Three east African bourses aim to set up alternative markets focused on
fast-growing companies this year, a move they hope will also boost liquidity
and draw more business.
The stock exchanges of Kenya, Tanzania and Uganda have each drawn up
rules to allow small and medium-size enterprises, as well as other companies
that do not qualify for their main boards, to list.
The effort is the latest attempt to breathe life into Africa's nascent
bourses. Africa is home to some of the world's fastest growing economies but
its small, relatively illiquid capital markets have yet to catch up.
"We're a young economy and we thought that in order to remain
relevant as a stock exchange we needed to provide this platform for small
companies looking to raise public capital in order to expand the
business," said Donald Ouma, head of market and product development at the
Nairobi Securities Exchange.
The effort, which senior officials said was not co-ordinated between
the three countries, will create markets with less stringent criteria,
including lower capital and shareholder requirements.
Neighbouring Rwanda may eventually follow suit. Rwanda's one-year-old
stock exchange, home to four companies, may also introduce guidelines later
this year to accommodate SMEs, a top regulator said.
The slow pace of listings by local companies on the exchanges has
prompted the renewed effort to lure younger but riskier firms, many of them
family-owned.
By targeting SMEs, which outnumber blue chips and are seen as an engine
of job creation, they hope to nurture companies that could one day list on the
main board and expand into the wider East African Community.
A flotation could also provide an additional source of financing for
firms that often rely on short-term credit from banks or, if lenders view them
as too risky, family resources.
The Uganda Securities Exchange and the Nairobi Securities Exchange will
name their new markets the Growth Enterprise Market Segment (GEMS), while the
Dar es Salaam Stock Exchange in Tanzania has opted for the Enterprise Growth
Market Segment.
Mr Kitua |
All three attempted alternative markets in the past but were unable to
attract new firms because the rules were still too onerous or they were seen as
inferior to the main market.
This time, the officials said, the exchanges would step up efforts to
market the benefits of listing.
Under the new rules, the three bourses require firms seeking admission
to appoint a nominated advisor, a feature borrowed from the London Stock
Exchange's Alternative Investment Market.
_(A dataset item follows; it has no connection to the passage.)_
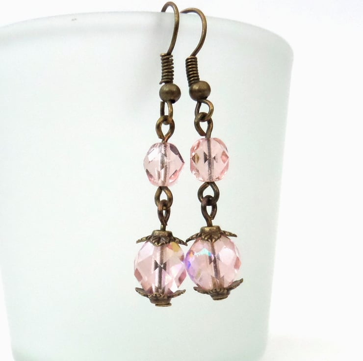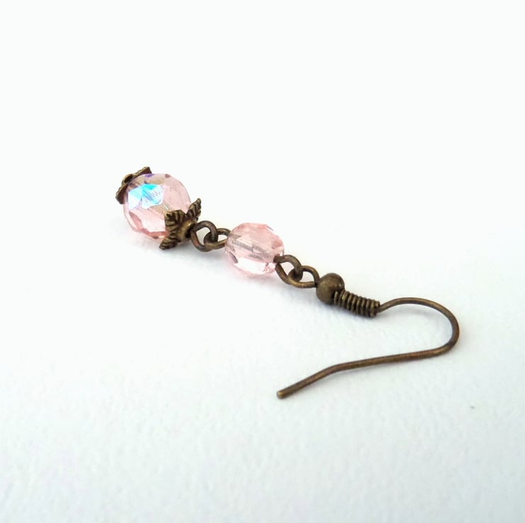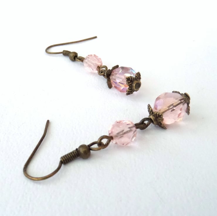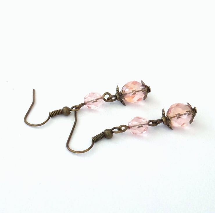 A lovely pair of unique earrings, made with pretty peachy pink crystals and hung on bronze wires.
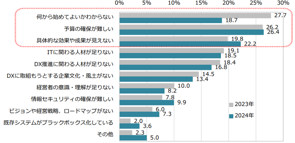 また、従業員20人以下の小規模企業に注目すると、前回よりも「何から始めてよいかわからない」と感じる企業が減り(27.7%→18.7%)、DXへの理解が少しずつ進んでいる様子がうかがえます。

The advisor will guide the companies through the listing process and
also advise them after admission.
Joseph Kitamirike, the USE's chief executive, told Reuters last week
that he expected regulators to approve GEMS next month and that the exchange
was already in talks with three potential candidates.
He said GEMS was designed for companies of any size that did not
qualify for the main board, rather than SMEs. So far, firms in the insurance,
transport and real estate sectors had shown interest but he also expected
technology firms to join the segment.
"Any company that has a growth story to tell we are willing to
facilitate," he said.
Tanzania's bourse chief executive Gabriel Kitua said he expects no more
than two listings this year, but added that many businesses could potentially
qualify.
"The private sector is just coming to maturity at this moment in
time," he said. "The big companies, they're not as many as small and
medium scale companies."
Nairobi's Ouma said GEMS is targeting four flotations in 2013.
Regulators in Rwanda recently began a joint study with the African
Development Bank into the financing needs of SMEs and intend to issue
guidelines for the creation of a separate market, Robert Mathu, head of the Capital
Market Authority, said.
"There's an intention to come out with guidelines that will
specifically accommodate SMEs to be able to access long term capital through
the capital market," he said. "The whole essence of (an) SME market
is to make that market a breeding ground for the main market."